The report said sharp reduction in capital expenditure by states has potentially adverse implications for the pace and quality of economic development, given the large welfare effects of a much wider interface with the lives of people at the federal level. “Currently, states employ about five times more people and spend around one and a half times more than the Centre. Moreover, public expenditure by states influences the quality of physical and social capital infrastructure of the economy,” it noted.

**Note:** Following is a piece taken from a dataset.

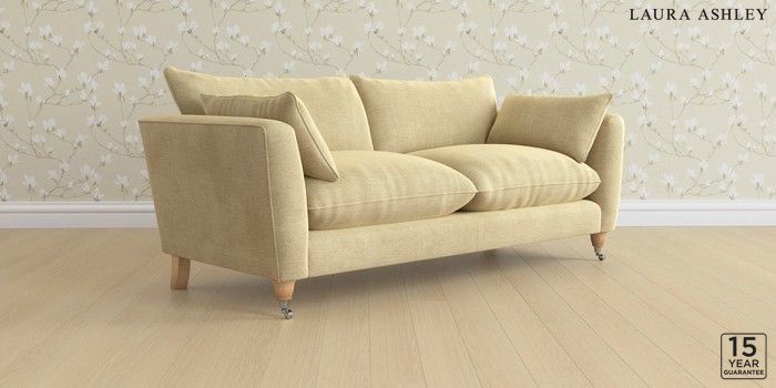 6.12.1 Buy Casterton by Laura Ashley 3 Seater Sofa Edwin Chenille Truffle Natural Low Chrome Castor - Light Oak from the Laura Ashley online shop Click here to use our website with more accessibility support, for example screen readers

The report said states need to combine efforts towards mobilising higher revenues with strategies to maximise efficiency gains rather than mere increase in tax rates. Unless revenues pick, states will be forced to cut capital expenditure, further stoking the economic slowdown. Reduction in capital expenditure can feed an ever-tightening vicious spiral of austerity deepening the economic downturn which, in turn, cramps fiscal revenues and forces further expenditure reductions and so on.
“States’ revenue prospects are confronted with low tax buoyancies, shrinking revenue autonomy under the GST framework and unpredictability associated with transfers of IGST and grants. Unrealistic revenue forecasts in budget estimates thereby leave no option for states than expenditure compression in even the most productive and employment-generating heads,” it said. It noted that states need to gradually harness the GST database to expand the tax base. They also need to review their tariff policies relating to power and irrigation, keeping in mind the break-even user charges.
The report also warned about risk of off-budget liabilities in the form of guarantees mutating into a contingent risk to debt sustainability even as structural bottlenecks in power distribution continue to foster. States may have to take over higher losses of power distribution companies if they do not show a turnaround in their performance.